Using Ethernet multicast, NetInsight’s platform allows hundreds of TV channels to be encoded as Moving Picture Experts Group files and distributed via Internet protocol across broadband networks with full content protection, the company said.

“Our focus is on the transport end,” senior vice president Steven East said.

The company has several telco video deployments, in which the phone companies are using NetInsight switches to send video signals from a central office to gateway devices, East said.

Cable operators can use the same basic technology to deliver video on demand and other programming services.

NetInsight believes it can cost efficiently provide broadband operators with hardware and software, with 100% quality of service. Its switches are priced from $50,000 to $60,000, while its remote devices sell for between $8,000 and $10,000, East said.

The company’s Nimbra platform ensures that traffic traveling along one channel doesn’t interfere with traffic on a different channel, as could happen in a packet network, East said. Packet-based networks also require large software management tools, complicating transport of large amounts of video.
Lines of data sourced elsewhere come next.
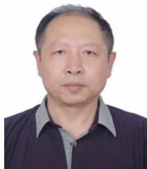
本文作者：剧锦文 中国社会科学院经济研究所 研究员、博士生导师，中国社 会科学院民营经济研究中心 秘书长，中国发展战略学研 会副理事长。

其六，越来越多的民营企业积极自觉承担社会责任。积极承担社会责任是现代企业的重要标志。初创期的民营企业普遍规模小、实力不足，许多企业甚至是负债经营。在这种情况下，出现了一些企业为自身发展，更看重眼前利益，甚至不惜牺牲社会公众利益的现象。随着企业的发展壮大，民营企业家的社会责任意识普遍增强，已经从只关注企业自身发展向关注自身与社会发展并重转变，其中一个重要表现是积极投身社会公益与慈善事业。从光彩事业到希望工程，从扶危济困到抗震救灾，从支持社区建设到投身精准扶贫，许多民营企业家都不同程度地参与。福耀玻璃创始人曹德旺就是其中典范。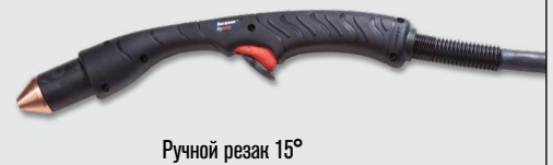
Ручной резак 15°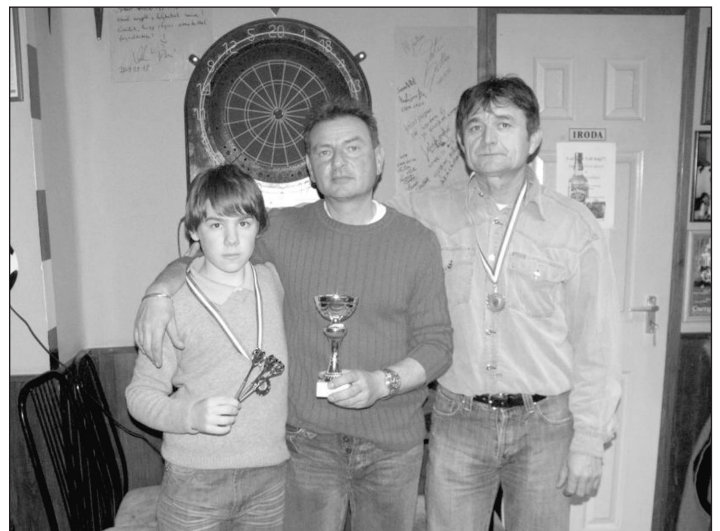
A képen az első három helyezett látható

Gól Söröző kupa darts verseny 2010. 03. 14.-én került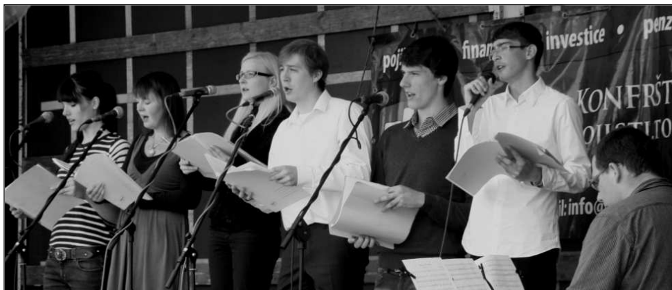
V RÁMCI PIVNÍCH SLAVNOSTÍ VYSTOUPIL TAKÉ SMÍŠENÝ PĚVECKÝ SBOR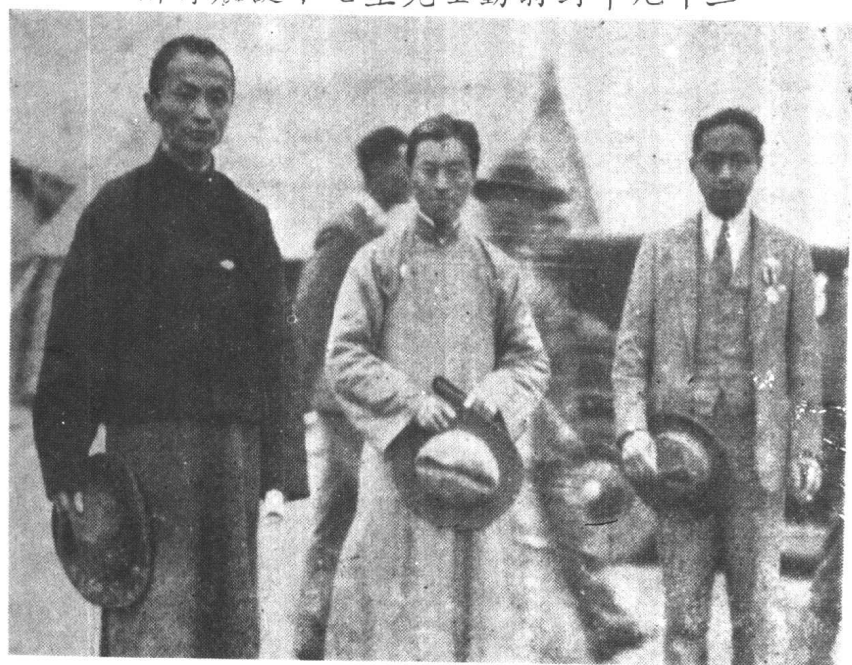
影合生先先騮朱生先夫立弟介與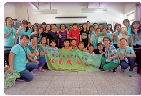
▲「急救到偏鄉 愛心傳社區」偏遠醫療服務計畫圓滿完成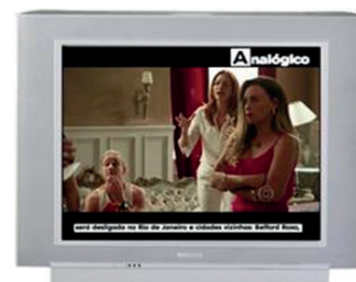
Canal analógico (conteúdo 16:9 Letterbox)

A TV Globo liberou a utilização de toda a área da imagem 16:9 em suas produções e para o mercado publicitário. Dessa forma, todo o conteúdo produzido em HD é exibido sem cortes no canal analógico.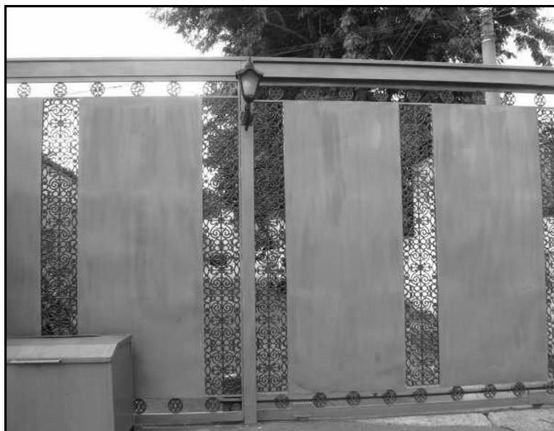
Rua fechada com portão no Setor Bueno Rua privatizada há 15 anos

Em alguns bairros de classe média e alta da cidade de Goiânia os moradores privatizaram ruas públicas, fechando seu acesso com portões, correntes e guaritas. A medida é aprovada tanto pelos moradores das ruas já fechadas quanto por moradores de ruas e bairros vizinhos que acreditam que o fechamento das ruas significa segurança e proteção à medida que inibe a circulação de pessoas estranhas nestes espaços e limitam o contato das pessoas que residem nestas ruas com os transeuntes. Além do cercamento e vigilância das ruas dos bairros de classe média e alta da cidade, existem exemplos de “praças privatizadas” nesses setores que contam com vigias particulares contratados pelos moradores. As narrativas ilustram a satisfação dos moradores com o cercamento dos espaços.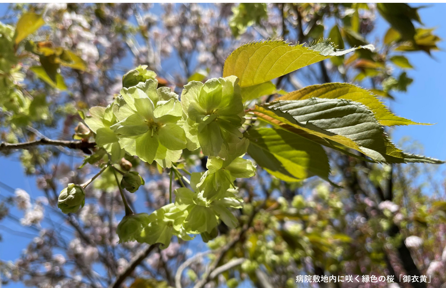
病院敷地内に咲く緑色の桜「御衣黄」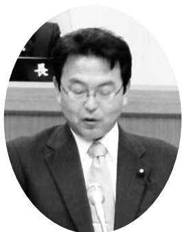
新妻 良平 議員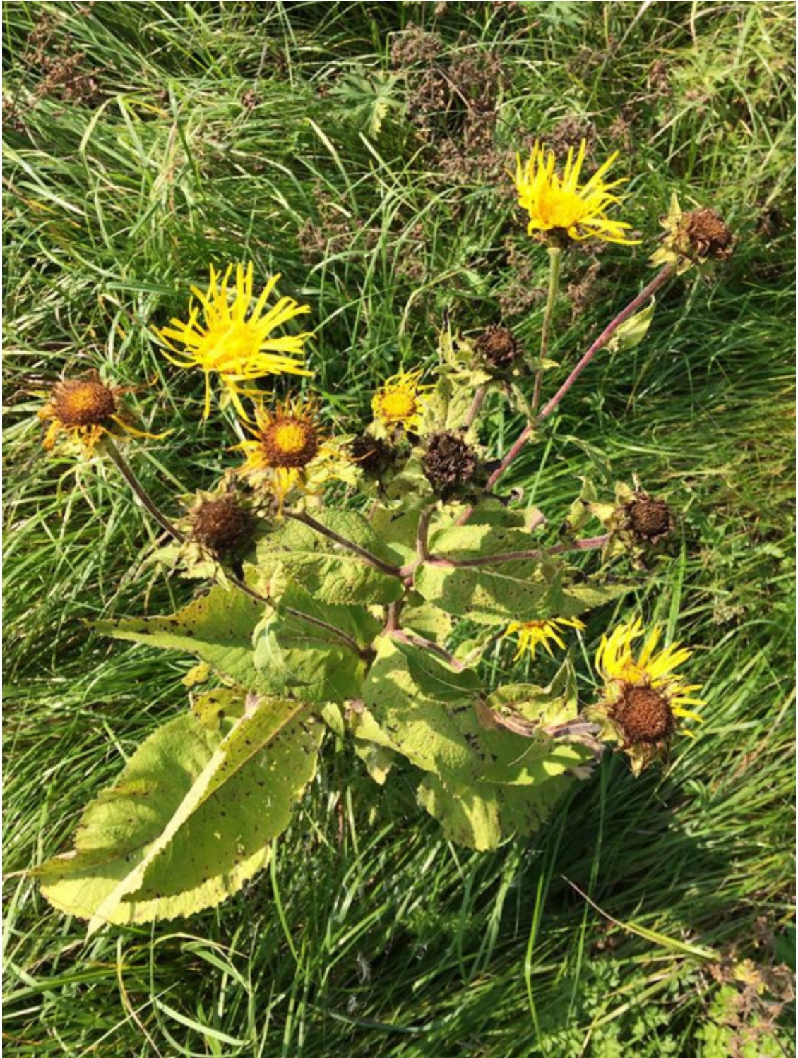
Рис. 37. Девясил (жёлтый цвет), лат. Inula

The video channels Nimbra delivers, either through unicast or multicast, automatically find their path through the network during provisioning, said East. Only the end points need to be identified.

An in-band signaling protocol based on Generalized Multiprotocol Label Switching (GMPLS) features handles set-up throughout the network.

NetInsight’s technology is in use by ABC, CBS, MSNBC and the European Broadcast Union, to name a few companies, for backhaul feeds between locations. The EBU, for instance, used NetInsight technology to send video from the 2004 Republican National Convention in New York to its European broadcast outlets.

NetInsight is pushing a “channelization” view of the world, instead of cable’s “packetized” leanings, although the company shares cable’s vision for Gigabit Ethernet and dense wave-division multiplexing.

With dynamic transfer mode technology, “you get channelized voice and video,” East said. “You get quality of services and guarantees at the transport layer. Our QOS is as good as anybody’s.”